The announcement today includes changes to the Corporations Act to increase penalties for serious offences and gives greater powers to the corporate regulator ASIC to ban individuals and revoke licenses.
The penalties include a fine equivalent to 10% of a company’s annual turnover and a five year jail term for making a false statement to ASIC.
Offences carrying a ten year prison term include dishonest conduct as a director, officer or employee of a company, using a position as a director for personal gain, and providing defective disclosure documents to consumers.
Treasurer Scott Morrison says the issues raised at the financial services royal commission go to the behaviour and culture of companies.
“And what we’re announcing today is further action that we have been taking to address that,” he says.
“The punishment must always fit the crime.”
The increased penalties announcement came as the CEO of AMP, Craig Meller, stepped down as the financial giant apologised for its conduct, including misleading the corporate regulator ASIC over the fee for no service issue.

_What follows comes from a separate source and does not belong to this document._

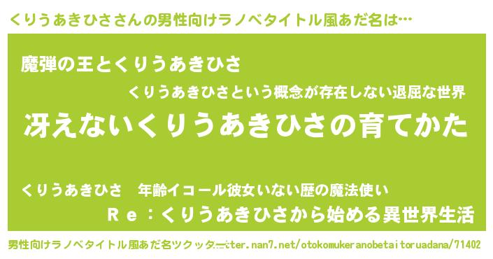 | 欧米人風あだ名 | 『くりうあきひさ・ステッグマイヤー』 |

The revelations in the financial services royal commission have exposed details of scandals involving financial planners giving conflicted advice or no advice at all and still charging a fee.
Morrison called attention to the boards of directors of companies as guardians of governance.
“It’s not just chief executives here,” says Morrison.
“Boards of these organisations are the custodians, really, of the governance, and I am sure that that will have plenty of attention, as the commission carries on its important work.”
He praised Royal Commissioner Kenneth Hayne, a former High Court judge.
“Commissioner Hayne is running a very tight ship, and he’s doing an outstanding job with the support of his counsel and others who are working there,” says Morrison.
“We need to let him work through that evidence and provide recommendations to the government, which is his task under his terms of reference.”
The latest reforms to ASIC’s powers and penalties follow recommendations made by the ASIC Enforcement Review Taskforce established in October 2016 in response to the Murray Financial System Inquiry.
Among the 43 offences with significant increases in maximum prison terms include providing false or misleading information to ASIC. The penalty for this will be increase to five years jail from two years.